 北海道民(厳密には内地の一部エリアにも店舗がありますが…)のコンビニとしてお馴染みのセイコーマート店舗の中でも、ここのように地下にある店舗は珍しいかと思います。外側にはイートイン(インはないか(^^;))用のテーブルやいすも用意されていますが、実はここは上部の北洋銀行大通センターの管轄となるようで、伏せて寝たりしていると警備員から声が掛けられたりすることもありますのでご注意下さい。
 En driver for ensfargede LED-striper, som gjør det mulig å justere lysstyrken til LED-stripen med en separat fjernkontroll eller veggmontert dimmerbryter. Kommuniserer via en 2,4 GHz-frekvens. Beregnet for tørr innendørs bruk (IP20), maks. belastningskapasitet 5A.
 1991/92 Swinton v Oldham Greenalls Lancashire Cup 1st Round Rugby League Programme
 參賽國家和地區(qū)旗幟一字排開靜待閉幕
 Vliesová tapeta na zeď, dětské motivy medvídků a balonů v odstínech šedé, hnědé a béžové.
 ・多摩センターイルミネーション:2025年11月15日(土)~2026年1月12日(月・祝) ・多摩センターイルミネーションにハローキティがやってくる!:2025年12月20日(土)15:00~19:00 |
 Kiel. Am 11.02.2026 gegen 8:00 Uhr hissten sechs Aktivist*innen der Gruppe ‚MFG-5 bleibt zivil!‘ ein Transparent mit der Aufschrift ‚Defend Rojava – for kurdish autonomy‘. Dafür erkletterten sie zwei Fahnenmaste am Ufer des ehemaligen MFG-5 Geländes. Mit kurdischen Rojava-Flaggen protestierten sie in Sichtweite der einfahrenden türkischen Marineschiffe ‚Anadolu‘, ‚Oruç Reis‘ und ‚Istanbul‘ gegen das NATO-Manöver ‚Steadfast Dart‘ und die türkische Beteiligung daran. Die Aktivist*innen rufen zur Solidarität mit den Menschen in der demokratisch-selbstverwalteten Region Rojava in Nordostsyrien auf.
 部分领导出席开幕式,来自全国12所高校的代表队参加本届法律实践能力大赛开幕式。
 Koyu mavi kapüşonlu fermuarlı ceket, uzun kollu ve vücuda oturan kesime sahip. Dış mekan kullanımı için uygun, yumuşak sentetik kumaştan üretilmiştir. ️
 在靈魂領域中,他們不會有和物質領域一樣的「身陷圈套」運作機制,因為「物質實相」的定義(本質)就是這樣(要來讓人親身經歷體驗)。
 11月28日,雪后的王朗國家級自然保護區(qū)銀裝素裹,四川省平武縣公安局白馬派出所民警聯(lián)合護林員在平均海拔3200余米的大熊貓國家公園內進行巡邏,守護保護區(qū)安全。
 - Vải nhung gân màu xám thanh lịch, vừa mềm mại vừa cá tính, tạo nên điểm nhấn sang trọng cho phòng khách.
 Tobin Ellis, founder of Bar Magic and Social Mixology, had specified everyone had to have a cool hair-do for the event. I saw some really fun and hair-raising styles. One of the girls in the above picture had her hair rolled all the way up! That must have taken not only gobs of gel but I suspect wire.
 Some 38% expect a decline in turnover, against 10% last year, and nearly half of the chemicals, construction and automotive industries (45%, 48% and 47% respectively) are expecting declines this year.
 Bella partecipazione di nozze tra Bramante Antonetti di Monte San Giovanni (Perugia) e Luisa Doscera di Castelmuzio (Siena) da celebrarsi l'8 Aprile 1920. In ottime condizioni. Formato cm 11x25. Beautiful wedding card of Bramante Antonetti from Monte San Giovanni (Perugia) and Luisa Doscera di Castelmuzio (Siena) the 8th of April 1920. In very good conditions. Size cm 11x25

Task goal>
Repeat exactly the lines from the line containing "在靈魂領域中,他們不會有和物" through the last line of the records above, including both, and nothing else.

Exercise solution>
 在靈魂領域中,他們不會有和物質領域一樣的「身陷圈套」運作機制,因為「物質實相」的定義(本質)就是這樣(要來讓人親身經歷體驗)。
 11月28日,雪后的王朗國家級自然保護區(qū)銀裝素裹,四川省平武縣公安局白馬派出所民警聯(lián)合護林員在平均海拔3200余米的大熊貓國家公園內進行巡邏,守護保護區(qū)安全。
 - Vải nhung gân màu xám thanh lịch, vừa mềm mại vừa cá tính, tạo nên điểm nhấn sang trọng cho phòng khách.
 Tobin Ellis, founder of Bar Magic and Social Mixology, had specified everyone had to have a cool hair-do for the event. I saw some really fun and hair-raising styles. One of the girls in the above picture had her hair rolled all the way up! That must have taken not only gobs of gel but I suspect wire.
 Some 38% expect a decline in turnover, against 10% last year, and nearly half of the chemicals, construction and automotive industries (45%, 48% and 47% respectively) are expecting declines this year.
 Bella partecipazione di nozze tra Bramante Antonetti di Monte San Giovanni (Perugia) e Luisa Doscera di Castelmuzio (Siena) da celebrarsi l'8 Aprile 1920. In ottime condizioni. Formato cm 11x25. Beautiful wedding card of Bramante Antonetti from Monte San Giovanni (Perugia) and Luisa Doscera di Castelmuzio (Siena) the 8th of April 1920. In very good conditions. Size cm 11x25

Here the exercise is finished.